Criança Yanomami de 2 anos morre durante voo de resgate em Roraima
Uma criança Yanomami de apenas 1 ano e 11 meses faleceu na tarde deste sábado (14) durante um voo de remoção para Boa Vista, capital de Roraima. A menina, pertencente à comunidade Xitei, localizada na Terra Indígena Yanomami, pesava apenas 6,1 kg e apresentava um quadro clínico extremamente grave, incluindo desnutrição severa, malária e verminose.
Detalhes do óbito e condições de saúde
O atestado de óbito, ao qual o g1 teve acesso, indica que a morte ocorreu por volta das 17h30, quando a aeronave já se aproximava de Boa Vista. A causa do falecimento foi insuficiência respiratória, associada à síndrome de Loeffler – uma reação pulmonar provocada por parasitas – e ascaridíase, doença causada por parasitas intestinais.

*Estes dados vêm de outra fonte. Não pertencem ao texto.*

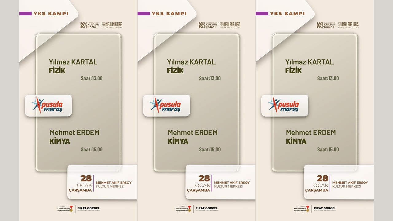 Büyükşehir Belediyesinin üniversite sınavlarına hazırlanan gençler için ücretsiz bir şekilde düzenlediği YKS Kampı, 28 Ocak Çarşamba günü Fizik ve Kimya dersleri ile devam edecek. Mehmet Akif Ersoy Kültür Merkezi’nde düzenlenecek olan kampta Yılmaz Kartal ve Mehmet Erdem öğrencilerle bir araya gelecek.

No pedido de transporte aéreo para Boa Vista, os profissionais de saúde registraram que a criança apresentava desnutrição grave e sinais evidentes de desidratação, além das infecções parasitárias. A reportagem procurou a Casa de Governo, órgão interministerial criado para acompanhar a crise sanitária Yanomami, que informou que o Distrito de Saúde Indígena Yanomami (Dsei-Y) e o Ministério da Saúde estão acompanhando o caso. O Ministério da Saúde, responsável pelo Dsei-Y, não respondeu até a última atualização.
Demora no resgate e relato das lideranças
Segundo o presidente da Urihi, Waihiri Hekurari Yanomami, a criança foi retirada da comunidade Xitei na quinta-feira (12) e levada para o Polo Base de Surucucu, onde há um hospital, permanecendo por dois dias em observação. A equipe médica, ao perceber a gravidade do quadro, solicitou uma nova remoção para Boa Vista.
“A criança estava muito doente, com malária, desnutrição, desidratação e vomitando. Foi solicitado o voo para levar para Boa Vista”, afirmou Hekurari. O pedido para a aeronave foi feito por volta das 10h29 de sábado, mas o resgate só ocorreu cerca de seis horas depois, por volta das 16h20. Durante o voo, a criança não resistiu e faleceu. O corpo foi levado de volta para a comunidade neste domingo (15).
Crise sanitária e alerta das comunidades
Hekurari expressou profunda preocupação com a morte, destacando que outras crianças já morreram recentemente em situações semelhantes. “Não era para estar morrendo mais nenhuma criança Yanomami por doenças simples, como vermes, diarreia ou malária. O governo mandou muitos recursos para proteger o povo Yanomami, mas esses recursos não estão chegando dentro da terra indígena”, denunciou.
A Terra Indígena Yanomami, localizada no Amazonas e em Roraima, abrange quase 10 milhões de hectares e abriga mais de 31 mil indígenas distribuídos em 370 comunidades. O território está em emergência de saúde desde janeiro de 2023, quando o governo federal iniciou ações para atender os indígenas, incluindo o envio de profissionais de saúde, cestas básicas e reforço das forças de segurança para combater o garimpo ilegal.
Apesar dessas medidas, a morte desta criança evidencia as falhas persistentes no sistema de saúde indígena e a urgência de uma resposta mais eficaz para proteger a população Yanomami, especialmente as crianças vulneráveis a doenças evitáveis.